Entertainment

How Can 'True Blood' Fix Season 6? Sex. Duh.

True Blood has tried to take the high-minded road. It has asked questions about religion versus mercy. It has raised attitudes towards vampires as an issue similar to racism in America. It has even touched upon the topics of gun violence and governmental hypocrisy. True Blood has certainly tried to deliver thoughtful elements in a sea of sex, drugs, and violence, but anyone who kids themselves into thinking they watch this show for its social commentary has lost his or her mind. That's why there is only one way to fix Season 6's painful trajectory: Do as Sunday's episode suggests and "Fuck The Pain Away." Step one: Just give in and get Sookie another vampire boyfriend. Even if he's got a ridiculously unsexy name like Warlow.
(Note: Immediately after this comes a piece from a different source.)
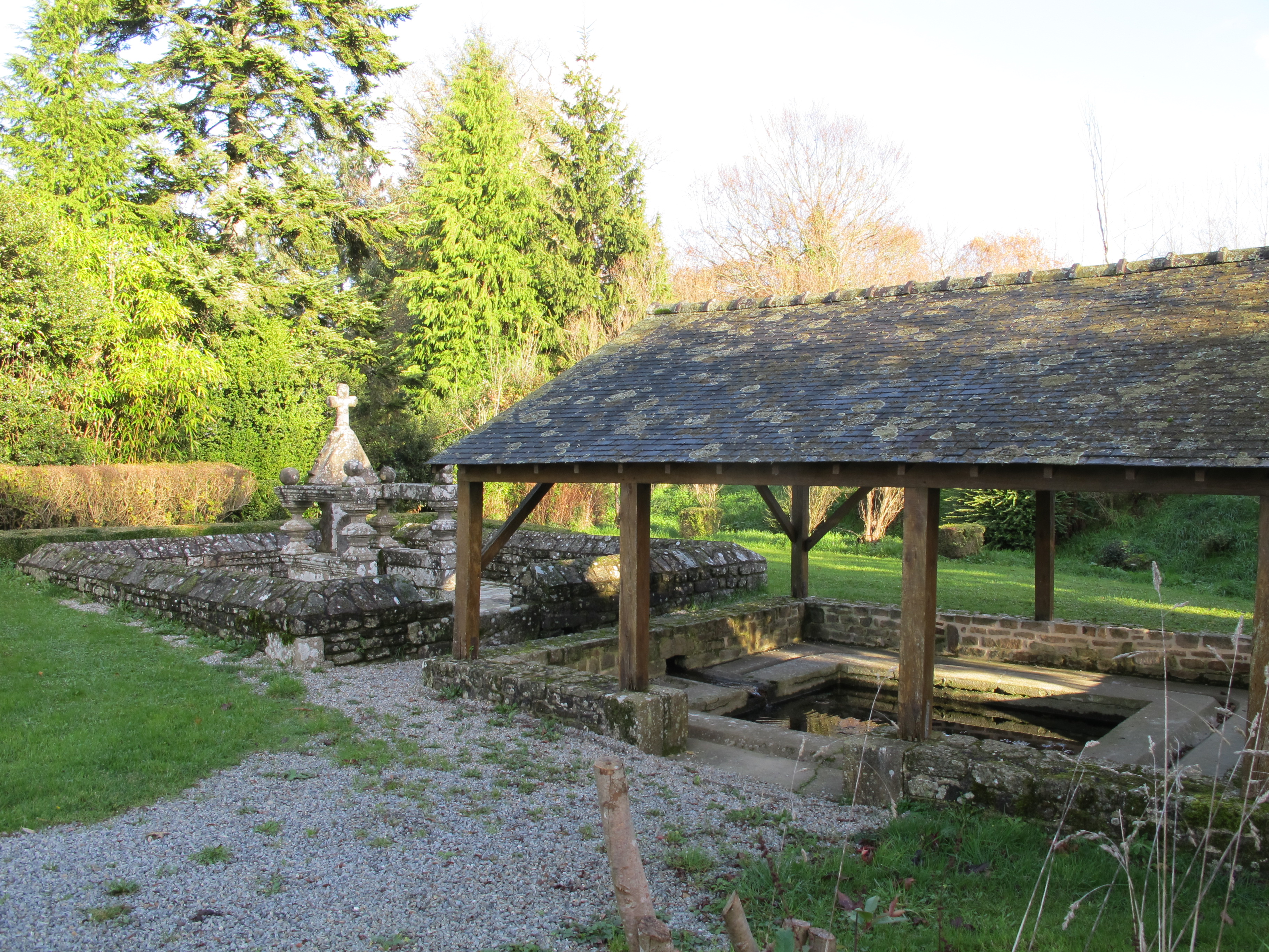 Vue générale sud-ouest de la fontaine et du lavoir couvert, état en 2015Immatriculation

I'm not usually one to suggest that a series stop trying to be smart and progressive and just give us the saucy goods. After all, it is possible to tread the line between lofty and salacious. (Don Draper is a household name for a reason.) Unfortunately for True Blood, it's old enough that it's high time to end its dreams of conveying stories with a greater meaning. The show needs to accept the truth, and settle back into its tried and true pattern of impossibly unabashed sex. Sookie, as usual, is the perfect person to get the ball rolling.

After she threatens to kill Warlow upon seducing him on her couch, Warlow turns the whole theory about his desire to kill her on its head. He claims that he loves her and that she was betrothed to him, not promised to him as some sort of doomed bounty. What's more is that Warlow claims her parents tried to kill her and that his only recourse was to kill them in order to protect her. This makes a tiny bit of sense when we go back in time with the help of Lafayette (who is once again doing another character's bidding): Warlow's plan was to keep Sookie, the faerie princess, safe from vampires by making her a vampire. As we learned when Jason went temporarily psycho, the Stackhouses were very racist (speciesist?) against vampires and they decided that they'd kill Sookie rather than let her fall under Warlow's protective plan.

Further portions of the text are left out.